In the past 30 years, many accepted practices have changed. What people considered normal and safe back then — transporting your newborn in the front-seat, having a latchkey kid at age 6, and letting them explore the woods with no parental guidance — is pretty much grounds for arrest these days. But, in that simpler time they call the ’80s, there were some great ideas that I’m thinkin’ we should totally revive — the way Disney Channel stars have brought back overly-sequined attire, off-the-shoulder shirts, and leopard print day-glow leggings!
Thanks, Shake It Up, I can barely look at my daughter without retinal strain!
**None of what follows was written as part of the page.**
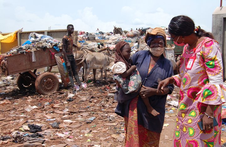 På armen bærer Maimouna Doumbia et av barna sine. Rokiatou Dembelé snakker med henne og spør om hun kan tenke seg å plukke plast hun kan selge til prosjektet som snart også skal startes som et pilotprosjekt i hovedstaden Bamako. Og det kan hun.

In honor of the passing of Memorial Day, I’d like to start with re-instituting “adult swim” (not the one on Cartoon network). No, I’m talking about that 15 minute span when anyone who wasn’t shaving yet, had to evacuate the water and allow the older generation to have a civilized dip? AKA the worst part about going to the pool when you were a kid.
Now, as an adult, I realize it was probably the best part of every parent’s day. They got a quarter hour (every hour) in a splash-less, Marco Polo free environment, to float on those un-recyclable Styrofoam chairs (remember those?), and talk about Reganomics (remember that?) or how amazingly wrinkle free polyester is — all while smoking a cigarette without worrying a hyper child would snuff it out.
Of course, nowadays we’d be on “Aqua Loungers” made with recyclable (yet toxic) PVC vinyl, and purchased from Frontgate or Brookstone for 200 bucks a pop. We’d be debating over whether the Jodi Arias trial was real or just a ploy for ratings and who would best play Hilary Clinton: Reese Witherspoon, Scarlet Johansson, Amanda Seyfried or Jessica Chastain? There wouldn’t be a cigarette in sight, but we’d be enjoying iced lattes (possibly intravenously) that we purchased from the satellite Starbucks by the snack bar.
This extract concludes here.